→ **TASK INSTRUCTIONS**
Every line of the material below needs to be copied exactly; omit the pictures.

→ **DATA SECTION**
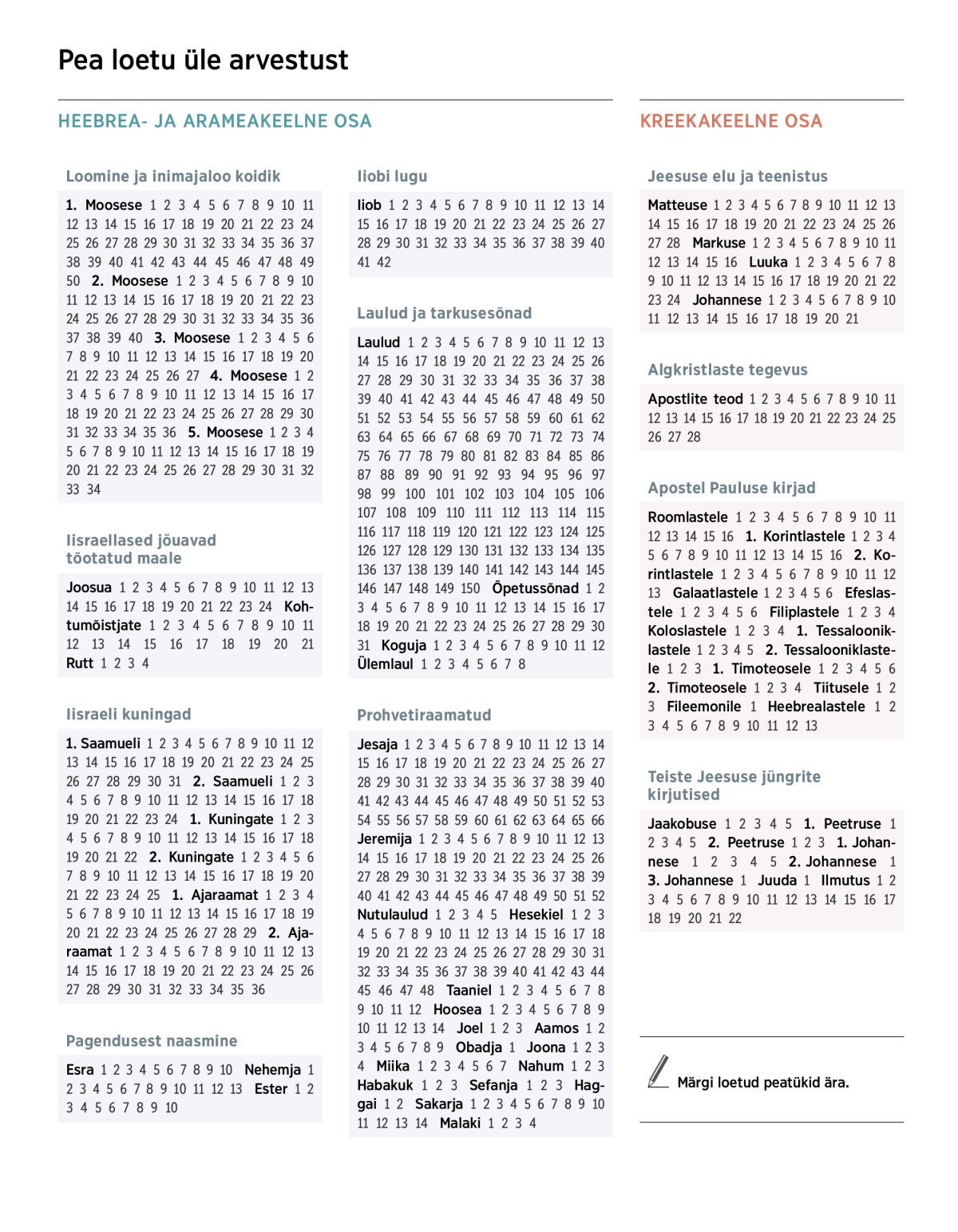 Pea loetu üle arvestust Trükiväljaanne Loomine ja inimajaloo koidik Iisraellased jõuavad tõotatud maale Iisraeli kuningad Pagendusest naasmine Iiobi lugu Laulud ja tarkusesõnad Prohvetiraamatud Jeesuse elu ja teenistus Algkristlaste tegevus Apostel Pauluse kirjad Teiste Jeesuse jüngrite kirjutised Märgi loetud peatükid ära. HEEBREA- JA ARAMEAKEELNE OSA Loomine ja inimajaloo koidik 1. Moosese 1 2 3 4 5 6 7 8 9 10 11 12 13 14 15 16 17 18 19 20 21 22 23 24 25 26 27 28 29 30 31 32 33 34 35 36 37 38 39 40 41 42 43 44 45 46 47 48 49 50 2. Moosese 1 2 3 4 5 6 7 8 9 10 11 12 13 14 15 16 17 18 19 20 21 22 23 24 25 26 27 28 29 30 31 32 33 34 35 36 37 38 39 40 3. Moosese 1 2 3 4 5 6 7 8 9 10 11 12 13 14 15 16 17 18 19 20 21 22 23 24 25 26 27 4. Moosese 1 2 3 4 5 6 7 8 9 10 11 12 13 14 15 16 17 18 19 20 21 22 23 24 25 26 27 28 29 30 31 32 33 34 35 36 5. Moosese 1 2 3 4 5 6 7 8 9 10 11 12 13 14 15 16 17 18 19 20 21 22 23 24 25 26 27 28 29 30 31 32 33 34 Iisraellased jõuavad tõotatud maale Joosua 1 2 3 4 5 6 7 8 9 10 11 12 13 14 15 16 17 18 19 20 21 22 23 24 Kohtumõistjate 1 2 3 4 5 6 7 8 9 10 11 12 13 14 15 16 17 18 19 20 21 Rutt 1 2 3 4 Iisraeli kuningad 1. Saamueli 1 2 3 4 5 6 7 8 9 10 11 12 13 14 15 16 17 18 19 20 21 22 23 24 25 26 27 28 29 30 31 2. Saamueli 1 2 3 4 5 6 7 8 9 10 11 12 13 14 15 16 17 18 19 20 21 22 23 24 1. Kuningate 1 2 3 4 5 6 7 8 9 10 11 12 13 14 15 16 17 18 19 20 21 22 2. Kuningate 1 2 3 4 5 6 7 8 9 10 11 12 13 14 15 16 17 18 19 20 21 22 23 24 25 1. Ajaraamat 1 2 3 4 5 6 7 8 9 10 11 12 13 14 15 16 17 18 19 20 21 22 23 24 25 26 27 28 29 2. Ajaraamat 1 2 3 4 5 6 7 8 9 10 11 12 13 14 15 16 17 18 19 20 21 22 23 24 25 26 27 28 29 30 31 32 33 34 35 36 Pagendusest naasmine Esra 1 2 3 4 5 6 7 8 9 10 Nehemja 1 2 3 4 5 6 7 8 9 10 11 12 13 Ester 1 2 3 4 5 6 7 8 9 10 Iiobi lugu Iiob 1 2 3 4 5 6 7 8 9 10 11 12 13 14 15 16 17 18 19 20 21 22 23 24 25 26 27 28 29 30 31 32 33 34 35 36 37 38 39 40 41 42 Laulud ja tarkusesõnad Laulud 1 2 3 4 5 6 7 8 9 10 11 12 13 14 15 16 17 18 19 20 21 22 23 24 25 26 27 28 29 30 31 32 33 34 35 36 37 38 39 40 41 42 43 44 45 46 47 48 49 50 51 52 53 54 55 56 57 58 59 60 61 62 63 64 65 66 67 68 69 70 71 72 73 74 75 76 77 78 79 80 81 82 83 84 85 86 87 88 89 90 91 92 93 94 95 96 97 98 99 100 101 102 103 104 105 106 107 108 109 110 111 112 113 114 115 116 117 118 119 120 121 122 123 124 125 126 127 128 129 130 131 132 133 134 135 136 137 138 139 140 141 142 143 144 145 146 147 148 149 150 Õpetussõnad 1 2 3 4 5 6 7 8 9 10 11 12 13 14 15 16 17 18 19 20 21 22 23 24 25 26 27 28 29 30 31 Koguja 1 2 3 4 5 6 7 8 9 10 11 12 Ülemlaul 1 2 3 4 5 6 7 8 Prohvetiraamatud Jesaja 1 2 3 4 5 6 7 8 9 10 11 12 13 14 15 16 17 18 19 20 21 22 23 24 25 26 27 28 29 30 31 32 33 34 35 36 37 38 39 40 41 42 43 44 45 46 47 48 49 50 51 52 53 54 55 56 57 58 59 60 61 62 63 64 65 66 Jeremija 1 2 3 4 5 6 7 8 9 10 11 12 13 14 15 16 17 18 19 20 21 22 23 24 25 26 27 28 29 30 31 32 33 34 35 36 37 38 39 40 41 42 43 44 45 46 47 48 49 50 51 52 Nutulaulud 1 2 3 4 5 Hesekiel 1 2 3 4 5 6 7 8 9 10 11 12 13 14 15 16 17 18 19 20 21 22 23 24 25 26 27 28 29 30 31 32 33 34 35 36 37 38 39 40 41 42 43 44 45 46 47 48 Taaniel 1 2 3 4 5 6 7 8 9 10 11 12 Hoosea 1 2 3 4 5 6 7 8 9 10 11 12 13 14 Joel 1 2 3 Aamos 1 2 3 4 5 6 7 8 9 Obadja 1 Joona 1 2 3 4 Miika 1 2 3 4 5 6 7 Nahum 1 2 3 Habakuk 1 2 3 Sefanja 1 2 3 Haggai 1 2 Sakarja 1 2 3 4 5 6 7 8 9 10 11 12 13 14 Malaki 1 2 3 4 KREEKAKEELNE OSA Jeesuse elu ja teenistus Matteuse 1 2 3 4 5 6 7 8 9 10 11 12 13 14 15 16 17 18 19 20 21 22 23 24 25 26 27 28 Markuse 1 2 3 4 5 6 7 8 9 10 11 12 13 14 15 16 Luuka 1 2 3 4 5 6 7 8 9 10 11 12 13 14 15 16 17 18 19 20 21 22 23 24 Johannese 1 2 3 4 5 6 7 8 9 10 11 12 13 14 15 16 17 18 19 20 21 Algkristlaste tegevus Apostlite teod 1 2 3 4 5 6 7 8 9 10 11 12 13 14 15 16 17 18 19 20 21 22 23 24 25 26 27 28 Apostel Pauluse kirjad Roomlastele 1 2 3 4 5 6 7 8 9 10 11 12 13 14 15 16 1. Korintlastele 1 2 3 4 5 6 7 8 9 10 11 12 13 14 15 16 2. Korintlastele 1 2 3 4 5 6 7 8 9 10 11 12 13 Galaatlastele 1 2 3 4 5 6 Efeslastele 1 2 3 4 5 6 Filiplastele 1 2 3 4 Koloslastele 1 2 3 4 1. Tessalooniklastele 1 2 3 4 5 2. Tessalooniklastele 1 2 3 1. Timoteosele 1 2 3 4 5 6 2. Timoteosele 1 2 3 4 Tiitusele 1 2 3 Fileemonile 1 Heebrealastele 1 2 3 4 5 6 7 8 9 10 11 12 13 Teiste Jeesuse jüngrite kirjutised Jaakobuse 1 2 3 4 5 1. Peetruse 1 2 3 4 5 2. Peetruse 1 2 3 1. Johannese 1 2 3 4 5 2. Johannese 1 3. Johannese 1 Juuda 1 Ilmutus 1 2 3 4 5 6 7 8 9 10 11 12 13 14 15 16 17 18 19 20 21 22
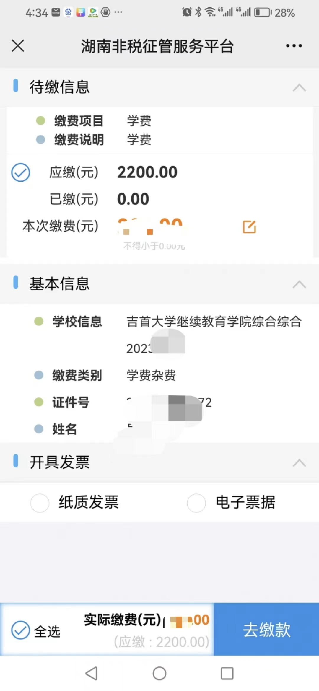 ④务必仔细核对基本信息及缴费金额,确认无误后点击“去缴款”
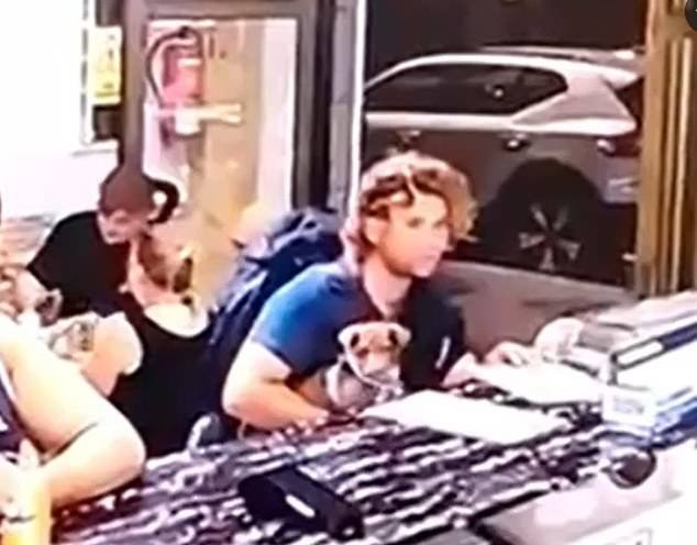En la foto, que fue capturada por cámaras de seguridad, se muestra a James vistiendo una camiseta T Blue mientras se sienta en el mostrador de argumentos con su Jack Russell sentado en su regazo.

→ **RESPONSE AREA**
 Pea loetu üle arvestust Trükiväljaanne Loomine ja inimajaloo koidik Iisraellased jõuavad tõotatud maale Iisraeli kuningad Pagendusest naasmine Iiobi lugu Laulud ja tarkusesõnad Prohvetiraamatud Jeesuse elu ja teenistus Algkristlaste tegevus Apostel Pauluse kirjad Teiste Jeesuse jüngrite kirjutised Märgi loetud peatükid ära. HEEBREA- JA ARAMEAKEELNE OSA Loomine ja inimajaloo koidik 1. Moosese 1 2 3 4 5 6 7 8 9 10 11 12 13 14 15 16 17 18 19 20 21 22 23 24 25 26 27 28 29 30 31 32 33 34 35 36 37 38 39 40 41 42 43 44 45 46 47 48 49 50 2. Moosese 1 2 3 4 5 6 7 8 9 10 11 12 13 14 15 16 17 18 19 20 21 22 23 24 25 26 27 28 29 30 31 32 33 34 35 36 37 38 39 40 3. Moosese 1 2 3 4 5 6 7 8 9 10 11 12 13 14 15 16 17 18 19 20 21 22 23 24 25 26 27 4. Moosese 1 2 3 4 5 6 7 8 9 10 11 12 13 14 15 16 17 18 19 20 21 22 23 24 25 26 27 28 29 30 31 32 33 34 35 36 5. Moosese 1 2 3 4 5 6 7 8 9 10 11 12 13 14 15 16 17 18 19 20 21 22 23 24 25 26 27 28 29 30 31 32 33 34 Iisraellased jõuavad tõotatud maale Joosua 1 2 3 4 5 6 7 8 9 10 11 12 13 14 15 16 17 18 19 20 21 22 23 24 Kohtumõistjate 1 2 3 4 5 6 7 8 9 10 11 12 13 14 15 16 17 18 19 20 21 Rutt 1 2 3 4 Iisraeli kuningad 1. Saamueli 1 2 3 4 5 6 7 8 9 10 11 12 13 14 15 16 17 18 19 20 21 22 23 24 25 26 27 28 29 30 31 2. Saamueli 1 2 3 4 5 6 7 8 9 10 11 12 13 14 15 16 17 18 19 20 21 22 23 24 1. Kuningate 1 2 3 4 5 6 7 8 9 10 11 12 13 14 15 16 17 18 19 20 21 22 2. Kuningate 1 2 3 4 5 6 7 8 9 10 11 12 13 14 15 16 17 18 19 20 21 22 23 24 25 1. Ajaraamat 1 2 3 4 5 6 7 8 9 10 11 12 13 14 15 16 17 18 19 20 21 22 23 24 25 26 27 28 29 2. Ajaraamat 1 2 3 4 5 6 7 8 9 10 11 12 13 14 15 16 17 18 19 20 21 22 23 24 25 26 27 28 29 30 31 32 33 34 35 36 Pagendusest naasmine Esra 1 2 3 4 5 6 7 8 9 10 Nehemja 1 2 3 4 5 6 7 8 9 10 11 12 13 Ester 1 2 3 4 5 6 7 8 9 10 Iiobi lugu Iiob 1 2 3 4 5 6 7 8 9 10 11 12 13 14 15 16 17 18 19 20 21 22 23 24 25 26 27 28 29 30 31 32 33 34 35 36 37 38 39 40 41 42 Laulud ja tarkusesõnad Laulud 1 2 3 4 5 6 7 8 9 10 11 12 13 14 15 16 17 18 19 20 21 22 23 24 25 26 27 28 29 30 31 32 33 34 35 36 37 38 39 40 41 42 43 44 45 46 47 48 49 50 51 52 53 54 55 56 57 58 59 60 61 62 63 64 65 66 67 68 69 70 71 72 73 74 75 76 77 78 79 80 81 82 83 84 85 86 87 88 89 90 91 92 93 94 95 96 97 98 99 100 101 102 103 104 105 106 107 108 109 110 111 112 113 114 115 116 117 118 119 120 121 122 123 124 125 126 127 128 129 130 131 132 133 134 135 136 137 138 139 140 141 142 143 144 145 146 147 148 149 150 Õpetussõnad 1 2 3 4 5 6 7 8 9 10 11 12 13 14 15 16 17 18 19 20 21 22 23 24 25 26 27 28 29 30 31 Koguja 1 2 3 4 5 6 7 8 9 10 11 12 Ülemlaul 1 2 3 4 5 6 7 8 Prohvetiraamatud Jesaja 1 2 3 4 5 6 7 8 9 10 11 12 13 14 15 16 17 18 19 20 21 22 23 24 25 26 27 28 29 30 31 32 33 34 35 36 37 38 39 40 41 42 43 44 45 46 47 48 49 50 51 52 53 54 55 56 57 58 59 60 61 62 63 64 65 66 Jeremija 1 2 3 4 5 6 7 8 9 10 11 12 13 14 15 16 17 18 19 20 21 22 23 24 25 26 27 28 29 30 31 32 33 34 35 36 37 38 39 40 41 42 43 44 45 46 47 48 49 50 51 52 Nutulaulud 1 2 3 4 5 Hesekiel 1 2 3 4 5 6 7 8 9 10 11 12 13 14 15 16 17 18 19 20 21 22 23 24 25 26 27 28 29 30 31 32 33 34 35 36 37 38 39 40 41 42 43 44 45 46 47 48 Taaniel 1 2 3 4 5 6 7 8 9 10 11 12 Hoosea 1 2 3 4 5 6 7 8 9 10 11 12 13 14 Joel 1 2 3 Aamos 1 2 3 4 5 6 7 8 9 Obadja 1 Joona 1 2 3 4 Miika 1 2 3 4 5 6 7 Nahum 1 2 3 Habakuk 1 2 3 Sefanja 1 2 3 Haggai 1 2 Sakarja 1 2 3 4 5 6 7 8 9 10 11 12 13 14 Malaki 1 2 3 4 KREEKAKEELNE OSA Jeesuse elu ja teenistus Matteuse 1 2 3 4 5 6 7 8 9 10 11 12 13 14 15 16 17 18 19 20 21 22 23 24 25 26 27 28 Markuse 1 2 3 4 5 6 7 8 9 10 11 12 13 14 15 16 Luuka 1 2 3 4 5 6 7 8 9 10 11 12 13 14 15 16 17 18 19 20 21 22 23 24 Johannese 1 2 3 4 5 6 7 8 9 10 11 12 13 14 15 16 17 18 19 20 21 Algkristlaste tegevus Apostlite teod 1 2 3 4 5 6 7 8 9 10 11 12 13 14 15 16 17 18 19 20 21 22 23 24 25 26 27 28 Apostel Pauluse kirjad Roomlastele 1 2 3 4 5 6 7 8 9 10 11 12 13 14 15 16 1. Korintlastele 1 2 3 4 5 6 7 8 9 10 11 12 13 14 15 16 2. Korintlastele 1 2 3 4 5 6 7 8 9 10 11 12 13 Galaatlastele 1 2 3 4 5 6 Efeslastele 1 2 3 4 5 6 Filiplastele 1 2 3 4 Koloslastele 1 2 3 4 1. Tessalooniklastele 1 2 3 4 5 2. Tessalooniklastele 1 2 3 1. Timoteosele 1 2 3 4 5 6 2. Timoteosele 1 2 3 4 Tiitusele 1 2 3 Fileemonile 1 Heebrealastele 1 2 3 4 5 6 7 8 9 10 11 12 13 Teiste Jeesuse jüngrite kirjutised Jaakobuse 1 2 3 4 5 1. Peetruse 1 2 3 4 5 2. Peetruse 1 2 3 1. Johannese 1 2 3 4 5 2. Johannese 1 3. Johannese 1 Juuda 1 Ilmutus 1 2 3 4 5 6 7 8 9 10 11 12 13 14 15 16 17 18 19 20 21 22
 ④务必仔细核对基本信息及缴费金额,确认无误后点击“去缴款”
En la foto, que fue capturada por cámaras de seguridad, se muestra a James vistiendo una camiseta T Blue mientras se sienta en el mostrador de argumentos con su Jack Russell sentado en su regazo.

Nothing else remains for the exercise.